在tesseract OCR文本识别中，最大的挑战之一是图像的不均匀照明。我需要一个算法，可以判断图像是否包含不均匀照明。

测试图像

我附上了没有照明的图像、有光斑的图像(白斑图像)和包含阴影的图像的图像。如果我们将一张图像给算法，该算法应该分为两类，如下：

没有不均匀照明 - 我们的没有照明的图像将属于此类别。
不均匀照明 - 我们的有光斑的图像(白斑图像)和包含阴影的图像将属于此类别。

没有照明的图像 - 类别A

不均匀照明图像（眩光图像（白斑图像））B类

不均匀照明图像（包含阴影的图像）类别B

初始方法

将颜色空间转换为HSV
对HSV的值通道进行直方图分析，以识别不均匀的照明。

与前两个步骤不同，我们可以使用感知亮度通道代替HSV的值通道

设置低阈值以获取低于该阈值的像素数量
设置高阈值以获取高于该阈值的像素数量
低像素值百分比和高像素值百分比的比例来检测不均匀的光照条件（也要设置百分比的阈值）

但我在不均匀照明的图像中没有找到太多相似之处。

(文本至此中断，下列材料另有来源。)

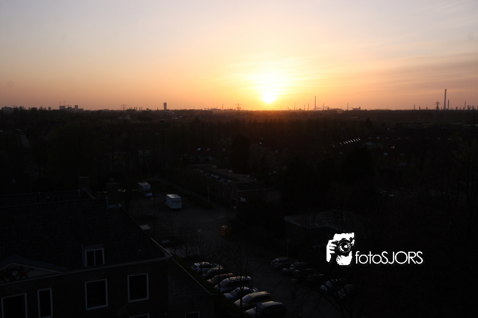 Zonsondergang in Rhoon vanaf het wapen en kerk 15-4-2010
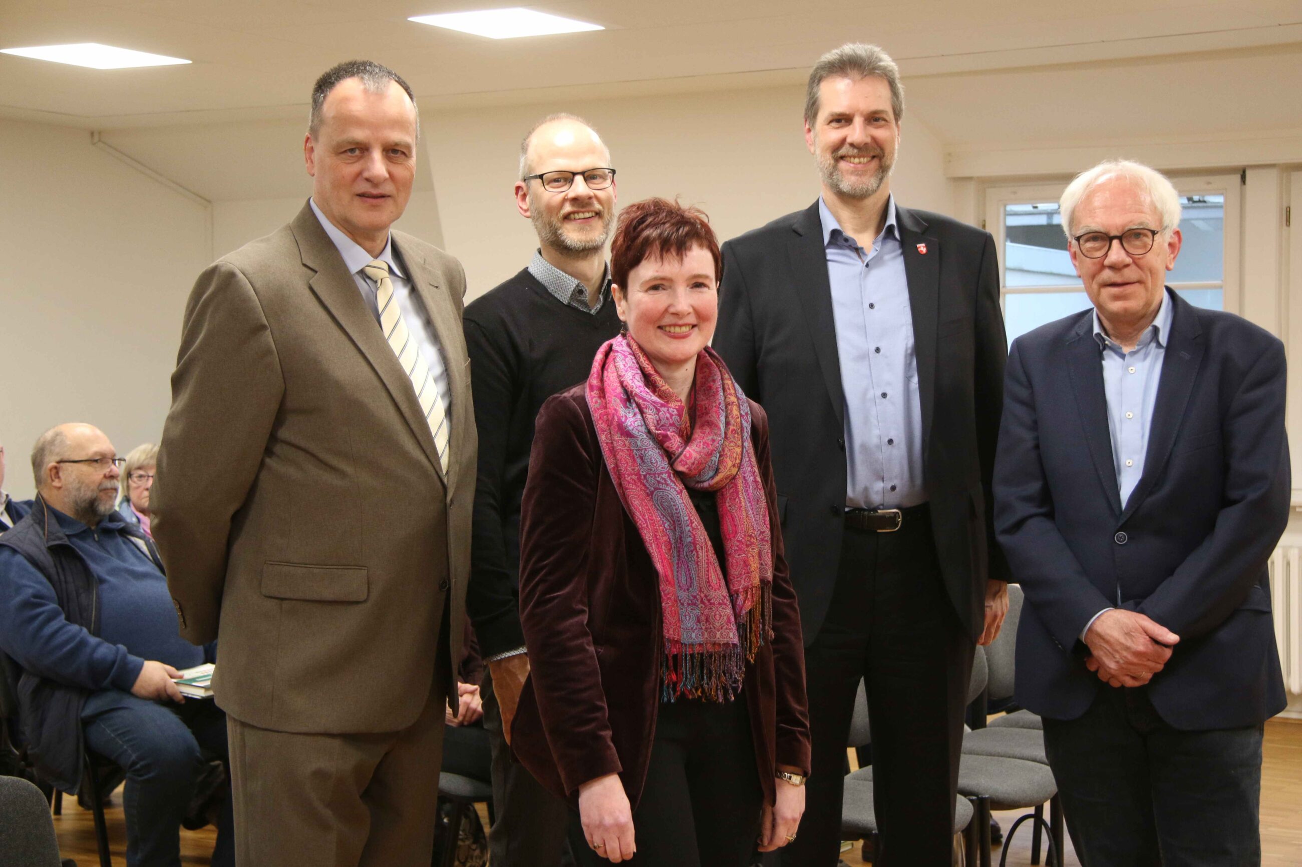 Auf der Wahlveranstaltung des Westfälischen Heimatbundes im Stadt- und Kreisarchiv Gütersloh (v.l.): Kreisheimatpfleger Michael Erichreineke, Kreisarchivar Ralf Othengrafen, Dr. Silke Eilers, Geschäftsführerin des Westfälischen Heimatbundes, Thorsten Schmolke, stellvertretender Landrat, und Kreisheimatpfleger Dr. Rolf Westheider. Foto: Kreis Gütersloh

通过直方图分析，我只发现一些像素具有低值和一些像素具有高值。{{histogram analysis}}

基本上，我认为如果在低阈值中设置一些阈值值，并找出有多少像素小于低阈值，并设置一些高阈值以找出有多少像素大于该阈值。通过像素计数，我们可以得出结论，以检测图像中的不均匀光照条件。在这里，我们需要确定两个阈值值和像素数量的百分比，以得出结论。

def  show_hist_v(img_path):
    img = cv2.imread(img_path)
    hsv_img = cv2.cvtColor(img, cv2.COLOR_BGR2HSV)
    h,s,v  = cv2.split(hsv_img)
    histr =cv2.calcHist(v, [0], None, [255],[0,255])
    plt.plot(histr) 
    plt.show() 
    low_threshold =np.count_nonzero(v < 50)
    high_threshold =np.count_nonzero(v >200)
    total_pixels = img.shape[0]* img.shape[1]
    percenet_low =low_threshold/total_pixels*100
    percenet_high =high_threshold/total_pixels*100
    print("Total Pixels - {}\n Pixels More than 200 - {} \n Pixels Less than 50 - {} \n Pixels percentage more than 200 - {} \n Pixel spercentage less than 50 - {} \n".format(total_pixels,high_threshold,low_threshold,percenet_low,percenet_high))

                                    
    return total_pixels,high_threshold,low_threshold,percenet_low,percenet_high

那么有人可以改进我的初始方法或提供比这更好的方法来检测一般情况下图像中的不均匀照明吗？

此外，我尝试了感知亮度而不是值通道，因为值通道取（b，g，r）值的最大值，所以我认为感知亮度是一个不错的选择。

 def get_perceive_brightness( float_img):
    float_img = np.float64(float_img)  # unit8 will make overflow
    b, g, r = cv2.split(float_img)
    float_brightness = np.sqrt(
        (0.241 * (r ** 2)) + (0.691 * (g ** 2)) + (0.068 * (b ** 2)))
    brightness_channel = np.uint8(np.absolute(float_brightness))
    return brightness_channel

def  show_hist_v(img_path):
    img = cv2.imread(img_path)
    v = get_perceive_brightness(img)
    histr =cv2.calcHist(v, [0], None, [255],[0,255])
    plt.plot(histr) 
    plt.show() 
    low_threshold =np.count_nonzero(v < 50)
    high_threshold =np.count_nonzero(v >200)
    total_pixels = img.shape[0]* img.shape[1]
    percenet_low =low_threshold/total_pixels*100
    percenet_high =high_threshold/total_pixels*100
    print("Total Pixels - {}\n Pixels More than 200 - {} \n Pixels Less than 50 - {} \n Pixels percentage more than 200 - {} \n Pixel spercentage less than 50 - {} \n".format(total_pixels,high_threshold,low_threshold,percenet_low,percenet_high))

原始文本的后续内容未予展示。